This is may be one of the most troubling stories in all of the gospels. Jesus is supposed to be merciful and compassionate, he’s supposed to respond with love and care when someone asks him for help. But that’s not what he does here. It’s here (at least in Matthew’s Gospel) there comes a realisation he might have been wrong in the narrowness of his mission. After seeing the woman’s persistence and her cheeky coming back at him, there comes a divine u turn. 



The u turn is caused by the woman’s faith. The disciples want her sent away. Jesus isn’t really bothered with her but he is clearly moved by how much she believes in him and needs his help. 

She comes  to him, trusts in his promises, stretches out her hands and holds them there until he fills them. That’s all she does –  this woman who has no cultural right to be anywhere near Jesus, let alone talk with him; this woman who doesn’t even know the right stuff about God. But here she is, crying out ‘Have mercy on me, O Lord, Son of David; my daughter is severely oppressed by a demon’ That’s how faith begins, doesn’t it? … by daring to come to Jesus even at the risk of being disappointed, and persevering. 

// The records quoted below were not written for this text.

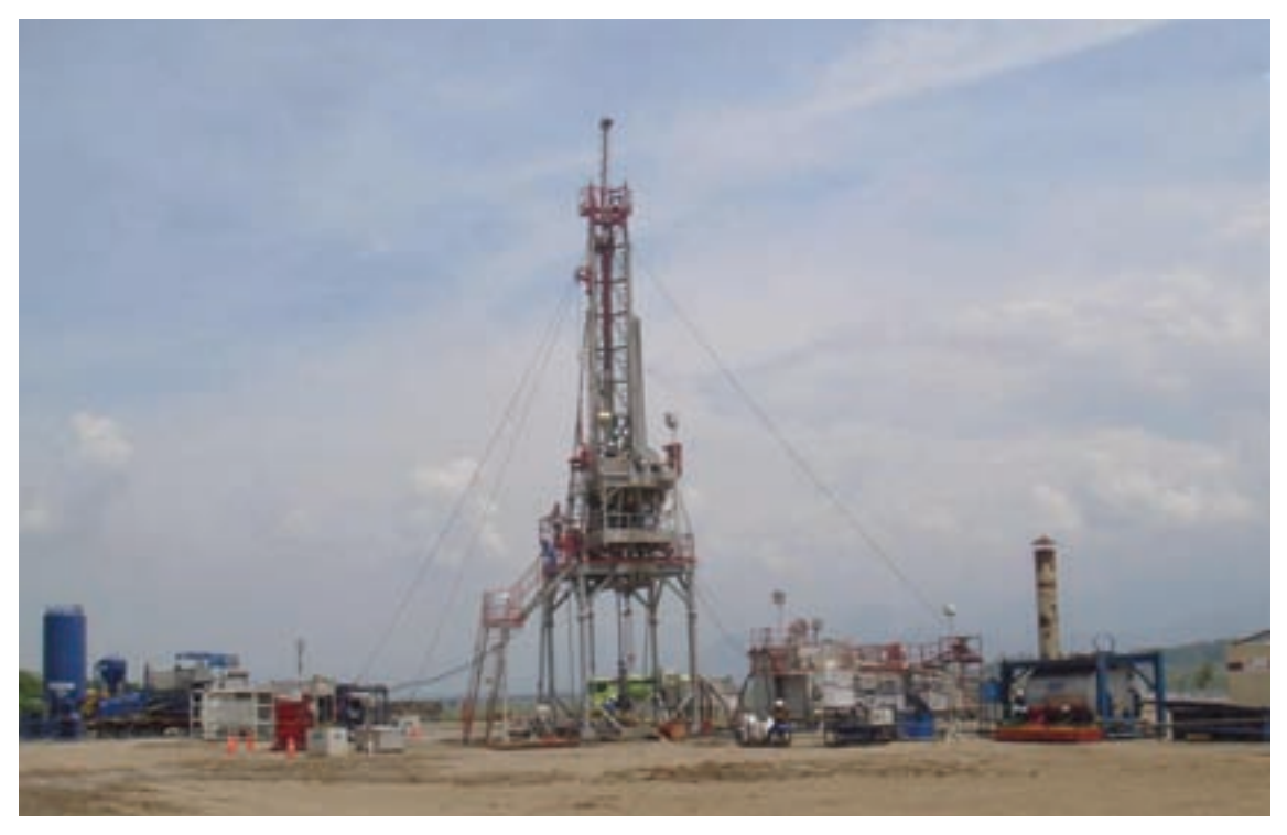
Figure 1: Lekom Maras HWO rig and surface equipment setting up for DST 3 on Pasundan-1 in November 2008.

In May 2008 the Citarum PSC was placed under new operatorship following the purchase of previous operator BPREC's interest by Pan Orient Energy Holdings. This change has placed the PSC in firm financial standing and allowed progress on a full technical programme to address the exploration potential of the block. A one-year extension to the First Exploration Period (Contract Years 1-3) has been successfully negotiated with BPMigas. The granting of the extension required a 35% relinquishment of the PSC area which was formally approved by BPMigas in March 2009. The relinquishment comprised non-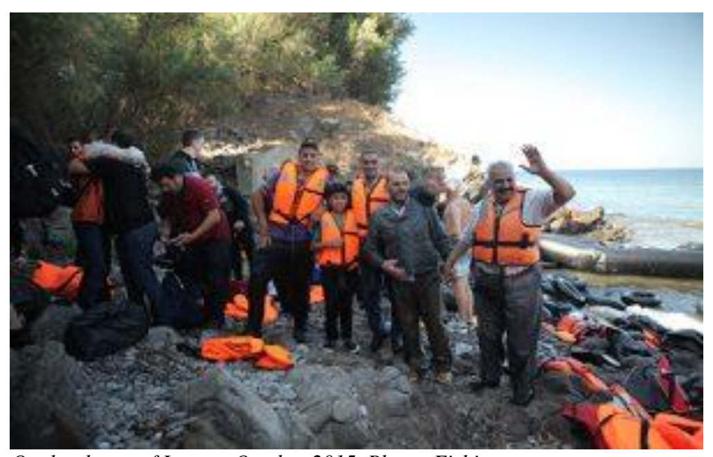
On the shores of Lesvos, October 2015.

What happened in 2015 along the shores of Lesvos was extraordinary. Many of the boats that landed on the beaches in the north and the south-east of the island had to be assisted. They were welcomed not only by the local residents of Lesvos, whose laudable efforts gained attention worldwide, but, latest from August 2015 onwards, also by people from all over the world, who came to Lesvos to help. In summer 2015, more and more initiatives became involved also in rescue operations, including anarchist groups from Athens, life-guards from Spain, Médecins Sans Frontières (Doctors Without Borders) who cooperated with Greenpeace, a German boat from Sea-Watch, and many others. Activists from Denmark and Spain were later criminalised for their courageous effort to save lives at sea. At that time, push-backs and violence at sea seemed to have disappeared in this part of the Mediterranean. Through the WatchTheMed Alarm Phone we were in contact with more than 1000 boats in the Aegean Sea. In the majority of the cases, we worked in close cooperation with networks composed of Syrian and Iraqi activists, who accompanied thousands of boats via WhatsApp and other digital technologies. At the same time, many people drowned in the waters before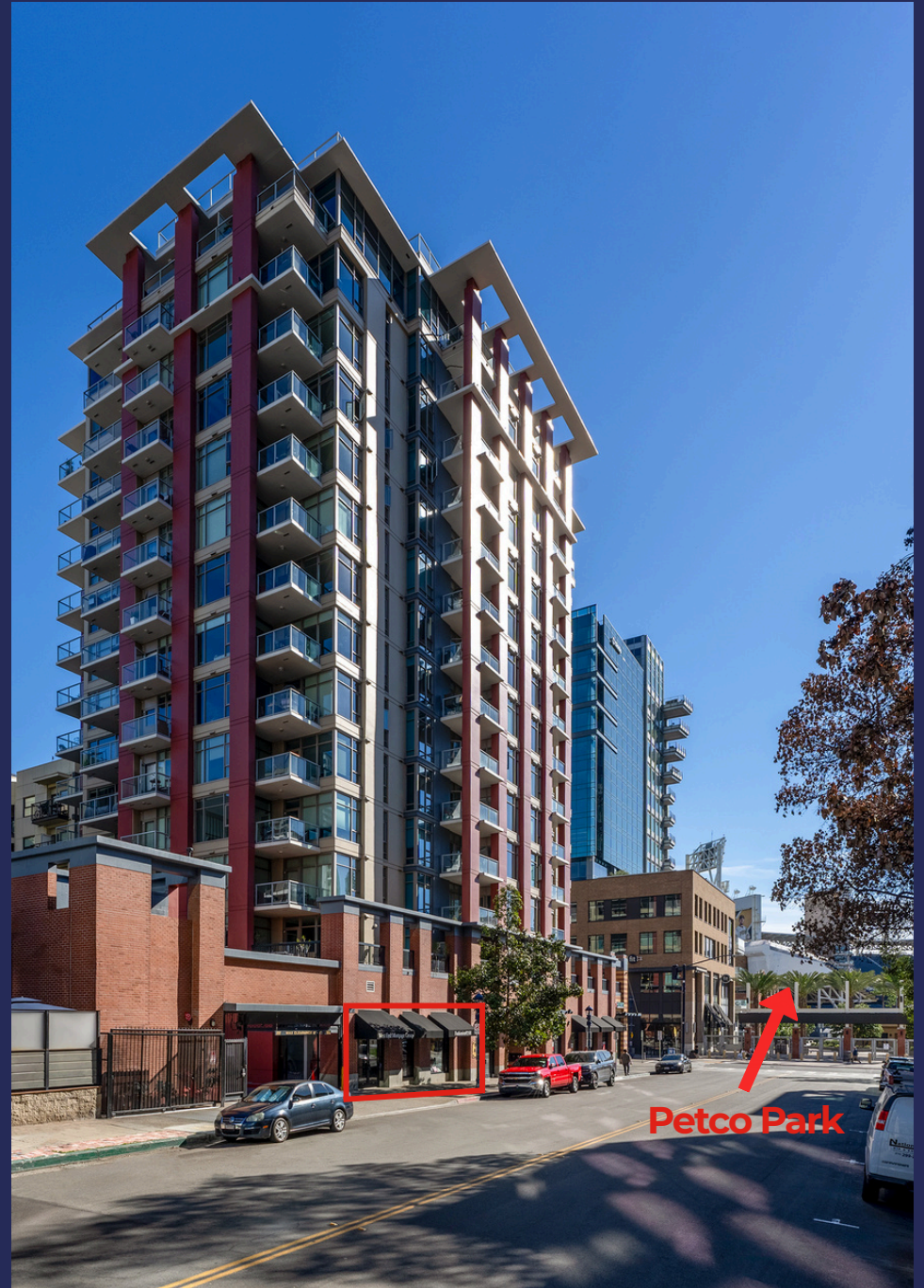
GROUND-FLOOR OF 113 RESIDENTIAL UNITS & CO-TENANT WITH 7/11 + RESTAURANTS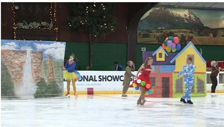
FCFSC created two backdrops for "Up" at the 2017 National Showcase Competition

Scenery also counts in judging, and includes objects or backdrops placed on the ice, such as a table, a chair, a small Christmas tree, etc. Many performers create portable backdrops of PVC pipes and painted canvas to generate a setting or mood.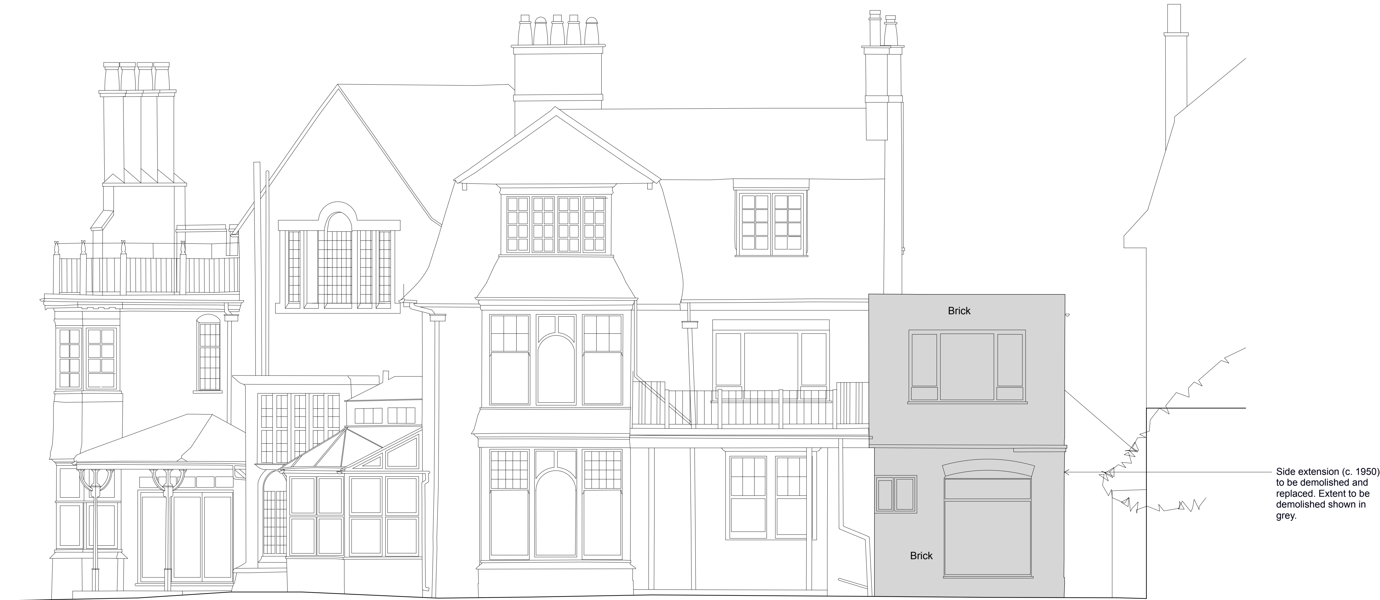
(PL)32_EXTENSION REAR ELEVATION - EXISTING

NOTES: © t A Greig Limited- All rights described in Chapter IV of the Copyright, Designs and Patents Act 1988 have been asserted. This drawing is to be read in conjunction with the specification and all relevant drawings. Contractor to check all dimensions on site. Do not scale from this drawing. t A Greig Limited to be advised of any variation between the drawings and site conditions.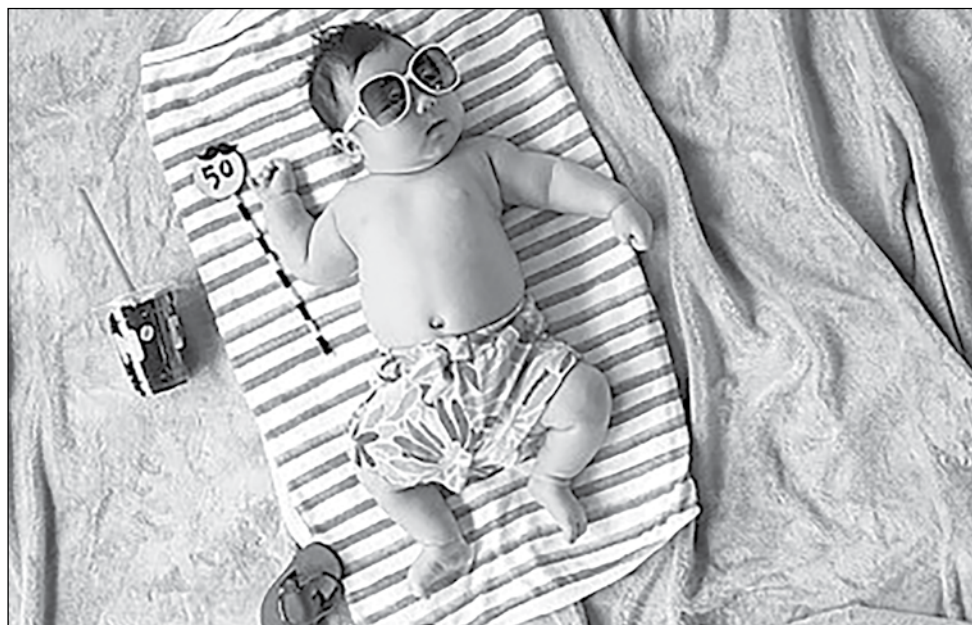
Pampered grandchild.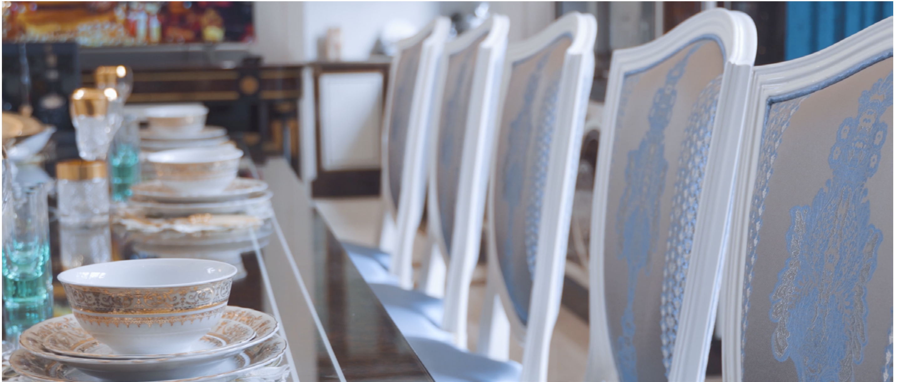
Detail of the Malmaison dining room.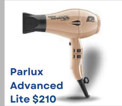
Parlux Advanced Lite $210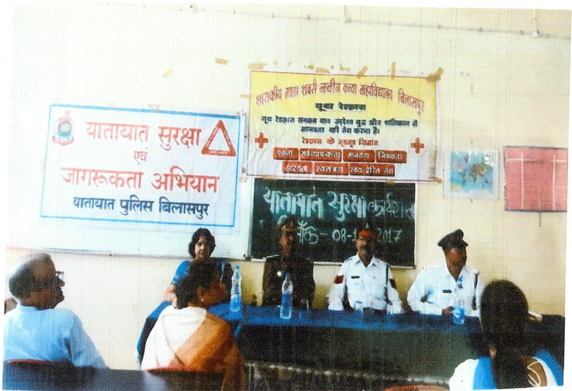
"यातायात सुरक्षा - अत्याह"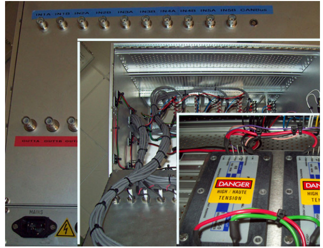
Figure 2: Piezo Control Unit back panel and insight view evidencing cabling and high voltage dc-dc converters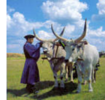
Gray Cattles at Hortobágy

This is our last day and we don't want to miss the most famous Hungarian landscape the Hortobágy . By far Hortobágy is the most marketed Pusta and rural environment in Hungary and it has an extensive tourism. In order to get there we get up early morning and drive to Hortobágy. In Hortobágy we will have some 5 hours and will see the most famous tourist attractions like the 9-arch bridge, the Pusta, and Hortobágy the village.

She echoes Psalm 142, ‘Listen to my cry, for I am in desperate need.” Sometimes, that desperation leads us to the brink of despair. But that’s precisely where we discover the merciful arms of God. 

The woman is confident that even if she is not entitled to sit down as a guest at the table, Gentile dog that she is, at least she may be allowed to receive a crumb of the mercy of God. 

I believe at that point Jesus cannot let her go without being a hypocrite. As Martin Luther once said “she caught Jesus in his own words.” She’d heard Jesus say he loved the hungry, the thirsty, and the poor in spirit … well here she is! She takes his words seriously, and then she waits and waits and waits and waits until he comes to take them seriously too. The divine u turn! 

There is an important lesson for us from this story. We have a Jesus who is prepared to think again - even with major policy and theological understanding. We have a Jesus who has his convictions challenged. 

Which means in our thoughts on who matters and who needs care, we may have to do some pretty sharp u turns ourselves especially regarding our prejudices and misconceptions. 

How often have we come to our own conclusions about people because we’ve been told a story about them or because we just haven’t had them in our world?

 I ministered to a town which was a few miles from another town where race riots were happening. At a coffee morning in church I found some elderly ladies shaking with fear. “Asians are coming!”  they said. They’d never met anyone from Asia and their perception of Muslims was horrifying until I gave them an evening on Islam!

I ministered to a village where every problem crime wise was blamed on young people. I was told some older folk were scared to go through the shopping precinct to Waitrose because “youths are there.” I asked what “youths” were doing. They were sitting on a wall. The elderly and the younger folk never met. So all sorts of misunderstandings happened. 

We still hear rubbish spoken about people of another race, or colour, or sex, or sexual orientation. When we take time to meet people and treat everyone as our equal there can be change and often the stupid stories we’ve been told we leave behind as we become friends. 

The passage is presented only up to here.